Thanks for taking the time to answer questions.

My risk is as follows. I received a blowjob from a guy (dressed as girl, so you could say TS but I think this is not relevant to the risk). The blowjob I am not concerned about as I have read it is no risk and been satisfied with that. However, directly before the blowjob the guy was masterbating his penis while I was getting undressed. He then used the same hand to rub around the top of my cock head (with what was likely precum on his fingers). Then he washed my cock under the tap. This all happened in direct sequence. Note, I am uncircumcised.

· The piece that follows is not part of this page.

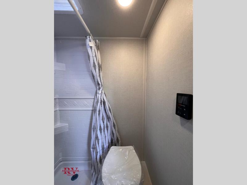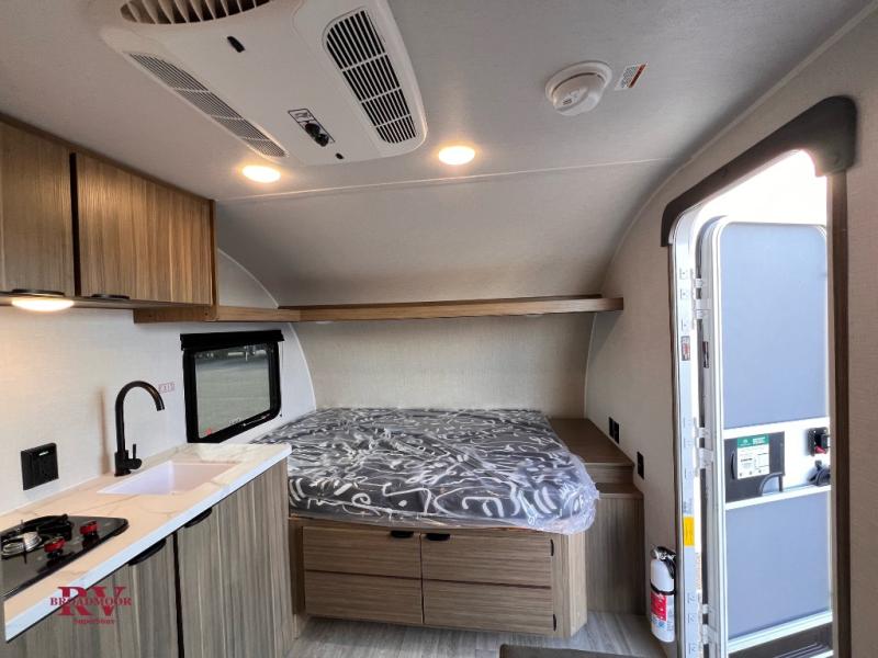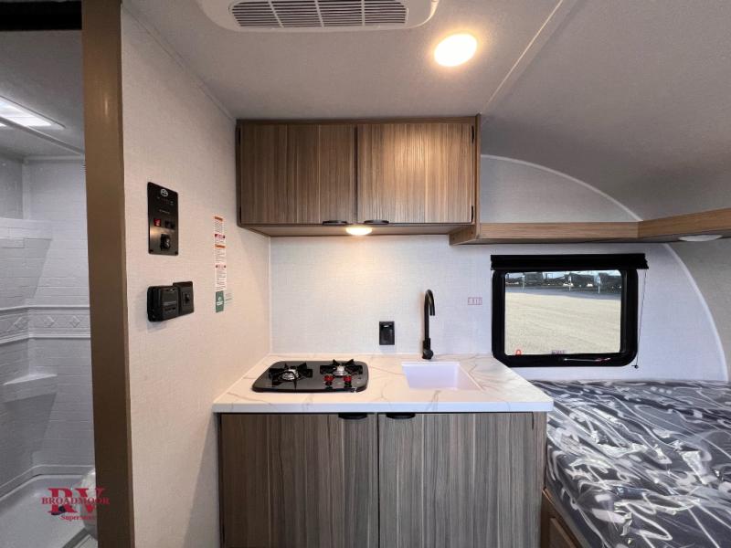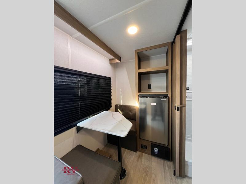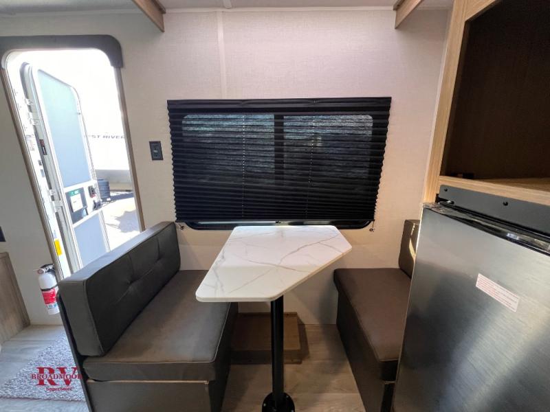This lightweight travel trailer has everything you need to enjoy camping trips! There is a front east to west custom king bed with storage at the foot of the bed and overhead for your valuables. A private bath includes a toilet and walk-in shower so you can easily get ready each day, and you can prepare your meals on the two-burner cooktop when you get hungry. The booth dinette will provide dining space, along with sleeping space for one to two little ones. Don't let this trailer get away!

When I read through this forum all other incidents like this you have reassured posters by saying only vaginal and anal sex are a risk as hiv does not survive once exposed to air. I am not questioning your knowledge but I cannot find any science papers to conclude this. I have read that when fluid is dry then hiv is no longer infectious. However, the precum on the hand will have remained ‘wet’ while on the hand and likely could have been directly massaged  into my cock head.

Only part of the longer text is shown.